Per la prima volta pubblico un Guest Post, un nuovo inizio a fine anno è proprio nelle mie corde. Del resto era un atto dovuto per mettere fine alla discussione su New York sorta tra me e Nicoletta Molinari, mia amica ed editor. Devo fare una premessa: io e lei siamo amiche da molti anni, un’amicizia iniziata tra le pagine dei libri che tutte e due amiamo e che in seguito è sfociata in una collaborazione lavorativa tra la ghost writer e la editor, tuttavia siamo come l’acqua e l’olio. In comune abbiamo ben poco e i nostri gusti, e non solo in materia letteraria, sono molto diversi. Credo che, all’interno del nostro rapporto, ciò rappresenti un vantaggio; di certo non corriamo il rischio di annoiarci reciprocamente. Comunque, per farla breve, dopo avere raccontato “la mia New York”, passo la palla a lei che, pur avendola vista e vissuta insieme a me, ne ha ricavato una visione completamente diverse. Poi chiudiamo il capitolo U.S.A. Adesso che ho preso coraggio, come prossima meta ho la Cina. Vi pare poco? Nico, tu verrai con me?

ghost writerOh, Susanna, adesso mi tiri in ballo la Cinaaa! Intanto fammi raccontare come è andata l’avventura americana.
La decisione
«Tu ci verresti a New York con me per la presentazione del mio libro
La domanda era arrivata a bruciapelo in una tiepida giornata di primavera e la risposta non aveva esitato neanche un momento: «Certo, anche domani».
I passeggeri
“Anche domani…” Anche domani per modo dire! Sono del segno del Toro, io, e la mia parte Toro patisce sempre il distacco dalla “terra madre”, dalla casa, un tempo dalla mamma e da qualunque situazione ove io metta radici e laddove, dall’altra parte, ci sia invece l’in-co-no-sciu-to.

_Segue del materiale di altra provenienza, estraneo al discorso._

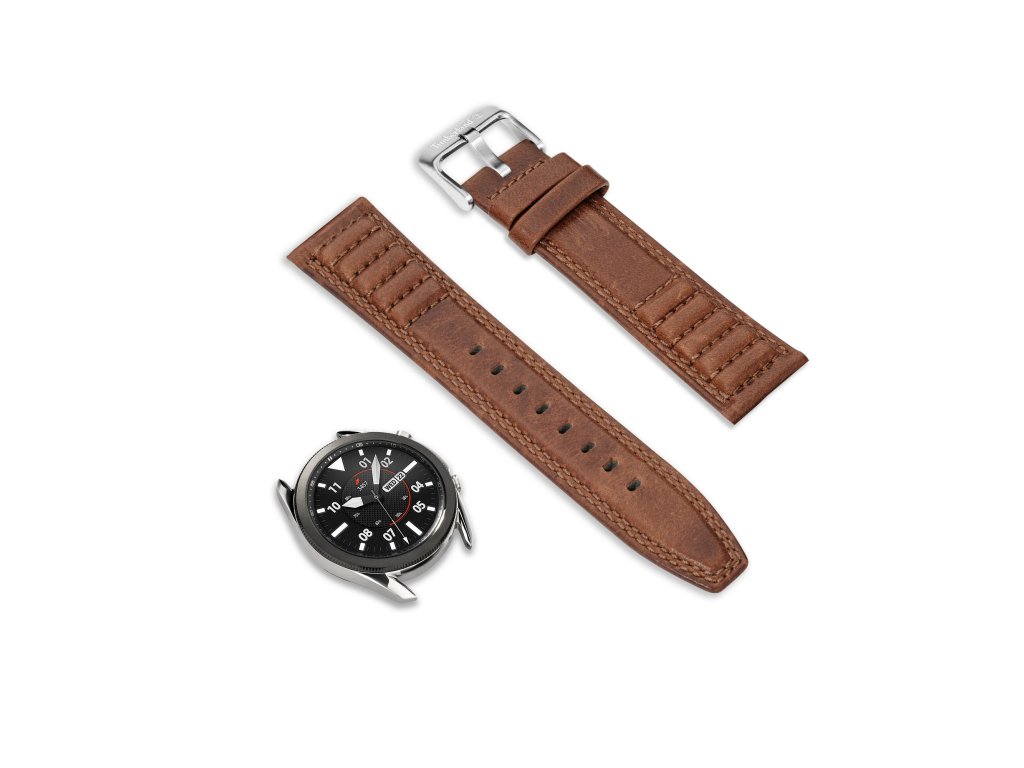 Univerzální řemínek Timberland Armoskaeg z hnědé kůže je kompatibilní s chytrými i klasickými analogovými hodinkami.

Susanna invece è dei pesci. Sono sempre due, tutti possono vederli nelle rappresentazioni grafiche dei segni zodiacali: uno va da a destra e l’altro a sinistra. Lei, poteva senz’altro contare sul più ribelle e intraprendente dei due per trovare il coraggio di attraversare l’Atlantico, dato che l’altro, il pesce fobico, faceva scene da pazzi anche solo all’idea di un volo dall’aeroplanino delle giostre. Ma alla fine quel pesce lì, quello irrazionale che sosteneva di essere claustrofobico, aviofobico e acrofobico, si è preso una pastiglia per pesci ansiosi ed è andato tutto a meraviglia.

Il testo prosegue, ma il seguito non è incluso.